For those of us who were alive in the 90’s remember the classic Walt Disney film Cool Runnings, directed by Jon Turteltaub that grossed over $69 million in the US alone. The film tells the story of Derice Bannock a Jamaican sprinter who was predicted to compete in the Olympics, but gets disqualified during a qualifier race. He wants to compete so bad in the Olympic games that he starts the first Jamaican Bobsled team. The film is based of a true story of the Jamaica national bobsleigh team’s first debut competition during the 1998 Winter Olympics in Calgary, Canada.

In 2014 Dudley “Tal” Stokes, who was on the actually 1988 Olympic team that inspired the film spoke up online in October of 2014 stating that Cool Runnings, “Is a feature Disney film, not much in it actually happened in real life.” The true story is that George Fitch an American who was living in Jamaica at the time, was inspired by a local pushcart derby. Fitch who was portrayed by John Candy in the film became the founder of the team, Fitch also spoke out about the film saying, “I was personally offended by the film because I’m not a disgraced Olympic bobsledder who’s a drunk, who’s spending the rest of my life in some pool hall. But that’s Hollywood” he said in an ESPN article.

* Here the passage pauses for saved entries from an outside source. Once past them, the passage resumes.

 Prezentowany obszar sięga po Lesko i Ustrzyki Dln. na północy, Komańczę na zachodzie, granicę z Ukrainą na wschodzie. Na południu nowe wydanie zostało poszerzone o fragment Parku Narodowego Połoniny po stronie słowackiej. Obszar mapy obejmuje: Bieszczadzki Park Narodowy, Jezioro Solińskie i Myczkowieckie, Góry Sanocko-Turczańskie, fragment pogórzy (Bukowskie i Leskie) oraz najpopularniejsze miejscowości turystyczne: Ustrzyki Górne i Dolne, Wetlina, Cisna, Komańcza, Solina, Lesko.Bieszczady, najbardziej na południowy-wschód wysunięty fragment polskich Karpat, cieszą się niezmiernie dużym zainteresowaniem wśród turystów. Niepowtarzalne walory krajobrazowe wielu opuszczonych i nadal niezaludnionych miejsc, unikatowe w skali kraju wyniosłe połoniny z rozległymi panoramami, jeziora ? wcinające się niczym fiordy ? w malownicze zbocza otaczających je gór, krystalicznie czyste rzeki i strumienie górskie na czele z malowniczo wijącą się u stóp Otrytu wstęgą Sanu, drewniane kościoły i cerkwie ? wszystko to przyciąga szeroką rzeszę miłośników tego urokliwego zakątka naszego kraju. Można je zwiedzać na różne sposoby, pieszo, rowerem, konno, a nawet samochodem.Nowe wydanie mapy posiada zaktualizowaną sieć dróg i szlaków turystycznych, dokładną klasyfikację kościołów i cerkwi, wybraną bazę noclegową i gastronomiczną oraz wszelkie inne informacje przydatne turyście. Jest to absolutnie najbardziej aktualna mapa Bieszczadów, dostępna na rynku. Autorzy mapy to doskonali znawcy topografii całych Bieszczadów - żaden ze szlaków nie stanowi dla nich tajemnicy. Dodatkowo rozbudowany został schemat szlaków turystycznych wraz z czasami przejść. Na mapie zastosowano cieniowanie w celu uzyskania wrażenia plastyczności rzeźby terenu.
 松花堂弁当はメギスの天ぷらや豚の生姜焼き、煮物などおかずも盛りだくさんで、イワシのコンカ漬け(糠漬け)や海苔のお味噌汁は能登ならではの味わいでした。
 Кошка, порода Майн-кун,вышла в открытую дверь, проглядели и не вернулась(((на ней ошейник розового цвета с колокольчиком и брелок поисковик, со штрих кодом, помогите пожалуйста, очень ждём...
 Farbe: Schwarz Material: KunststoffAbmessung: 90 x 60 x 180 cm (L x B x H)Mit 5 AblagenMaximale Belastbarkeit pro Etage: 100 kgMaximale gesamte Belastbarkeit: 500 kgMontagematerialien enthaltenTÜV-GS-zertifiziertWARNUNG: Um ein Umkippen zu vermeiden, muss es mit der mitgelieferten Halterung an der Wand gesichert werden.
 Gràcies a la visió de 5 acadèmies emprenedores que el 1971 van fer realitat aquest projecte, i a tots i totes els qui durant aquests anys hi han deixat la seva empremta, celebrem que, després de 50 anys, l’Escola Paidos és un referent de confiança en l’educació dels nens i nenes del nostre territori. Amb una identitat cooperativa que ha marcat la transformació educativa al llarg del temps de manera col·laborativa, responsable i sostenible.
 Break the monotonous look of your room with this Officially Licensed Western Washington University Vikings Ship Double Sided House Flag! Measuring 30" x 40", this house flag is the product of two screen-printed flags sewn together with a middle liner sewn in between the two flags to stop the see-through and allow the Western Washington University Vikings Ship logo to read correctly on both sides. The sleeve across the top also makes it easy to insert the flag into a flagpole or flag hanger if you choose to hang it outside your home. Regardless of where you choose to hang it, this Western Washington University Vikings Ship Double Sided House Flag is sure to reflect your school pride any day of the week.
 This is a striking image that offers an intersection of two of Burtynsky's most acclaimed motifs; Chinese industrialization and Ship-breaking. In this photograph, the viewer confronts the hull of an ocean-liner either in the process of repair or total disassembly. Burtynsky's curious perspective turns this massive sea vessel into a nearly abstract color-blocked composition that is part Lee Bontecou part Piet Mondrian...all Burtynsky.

Fitch then pitched it to the government and it got approved, they recruited men from the Jamaican army. Also, during the recruitment process they needed someone with good hand-eye coordination to drive the sled, he asked one of the Colonels in the army if they had anyone that fit that description. He gave him a helicopter pilot and he became the driver of the sled. Coaches from the US and Austria were sent over to help teach the team how to bobsled. Jamaica did not have much of a budget for the team so after they qualified for the Olympics they needed to raise $80,000 and were over-whelmed when they received $100,000, which was still the bare minimum to compete. Fitch also pitched in $92,000 of his own money to support the team.

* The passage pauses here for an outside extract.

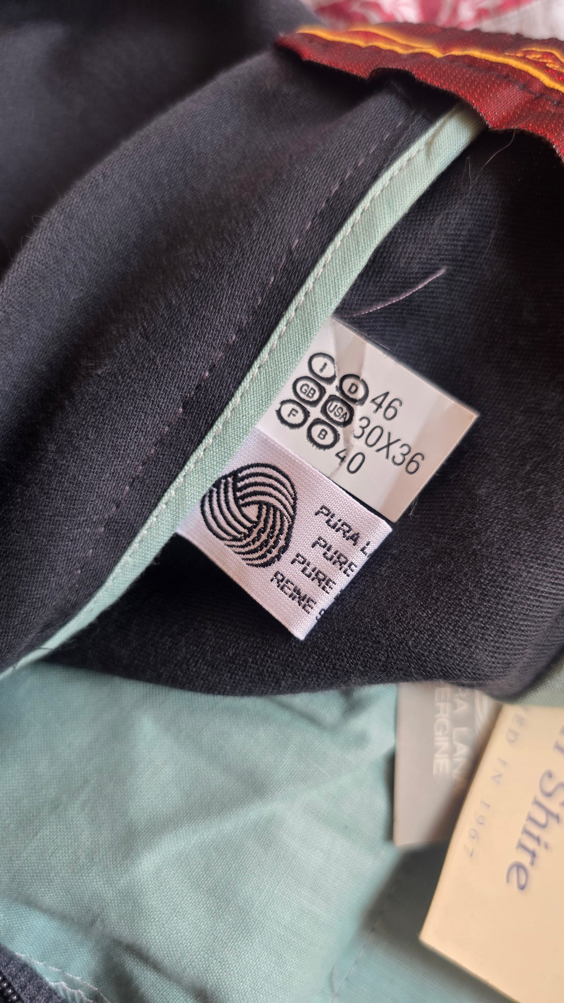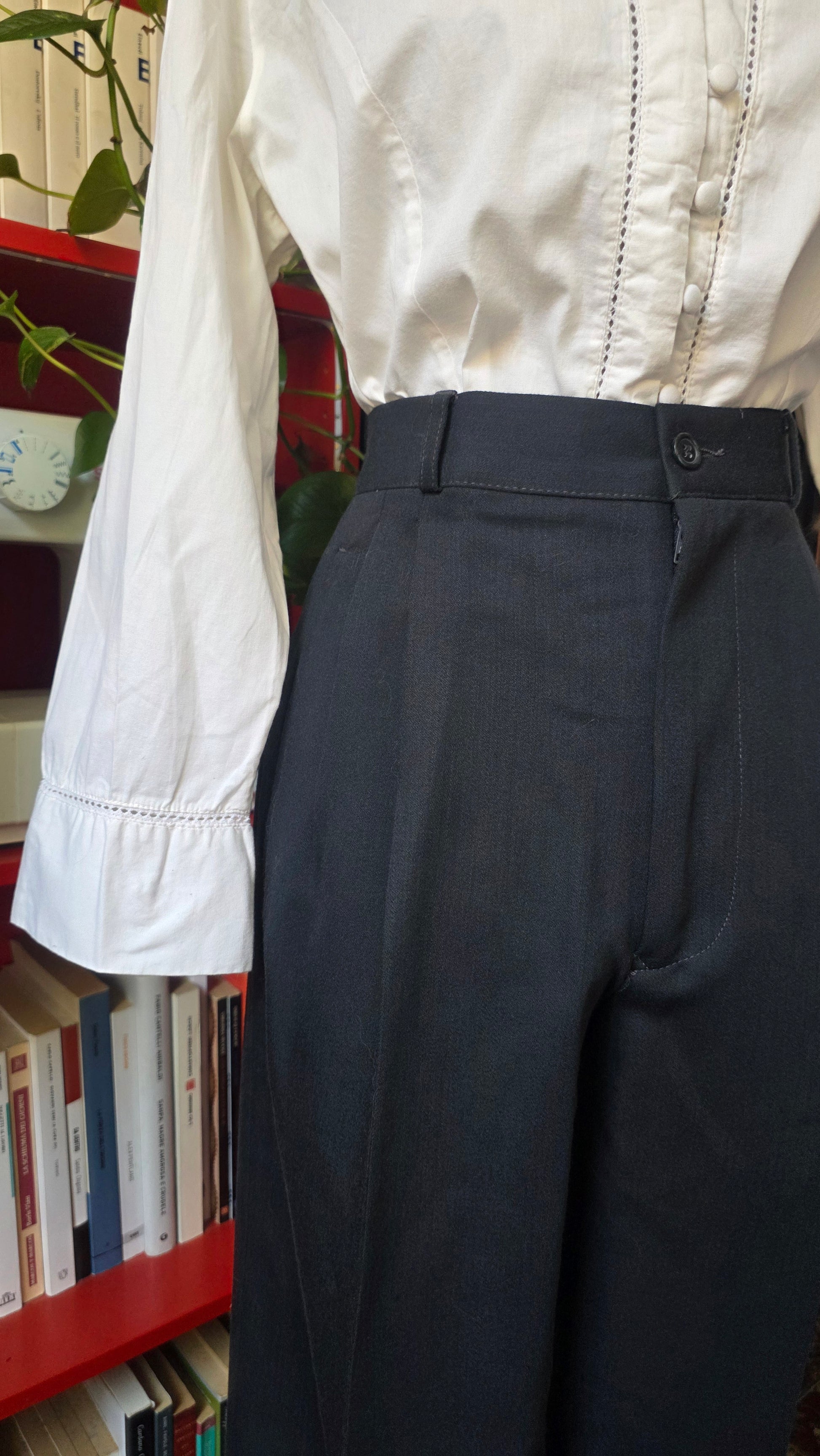 Taglio e modello maschile, gamba ampia. New old stock. In lana vergine di altissima fattura. Il colore è un bellissimo grigio scuro. Con tasche e pinces. Vita 79 cm, fianchi 110 cm, cavallo 30 cm. Come i classici pantaloni da completo, hanno l'orlo libero.

Stokes said that he saw a bobsled for the first time in September 1987, and by February he was competing in the Winter Olympics. Once in Calgary the team aimed to only race in the two-man sled event, but after beating 13 other teams they wanted to try the four-man race. Fitch said that, they didn’t have any money left over, didn’t have a four-man sled and only had three guys do to an injury. The guys didn’t want to give up. So they sold Jamaica bobsled t-shirts and they proved to be so popular that were able to raise $24,000! They then went to the Canadian team and bought a used four-man sled from them.They still only had three guys so Stokes told Fitch, that his brother Chris Stokes was a track star at the University of Idaho. They were able to convince Olympic officials to give Chris accreditation and flew him in.

Now as a team of four, they only had four practice runs before the start of the race. The team brought a lot of popularity with them and their race drew in a record crowd of 40,000 to their race. Compared to the 5,000 that was expected. During the actually race their sled was going 85 miles an hour when it lost control and crashed. The teammates were trapped underneath the sled. Unlike the movie the team did not lift the sled over their heads and carry it across the finish line. But they did push the sled across the finish line and while doing so thousands and thousands of people shook their hands as the crowd cheered them on.


This was an incredible story of how many hoops this Jamaican team had to jump through and how they never gave up hope. Although it ended in disappointment Fitch said in an interview with ESPN reporter Nick Atkin, “The Jamaican bobsled team returned to the Winter Olympics at Albertville in 1992. Two years later in Lillehammer, Jamaica came in 13th, beating several top teams like USA 1, Russia 1, Italy 2 and Austria 2. But Jamaica’s influence of creating a team spawned off, with Trinidad, Puerto Rico, the Virgin Islands, Mexico, American Samoa and the Philippines all creating teams. They actually had a Caribbean Cup. You go to a World Cup race and they had a cup within a cup. At least half a dozen islands now have bobsled teams.” This was a huge moment for the sport of bobsledding, people saw what the Jamaicans had done and it inspired other countries to follow in their footstep and created more teams.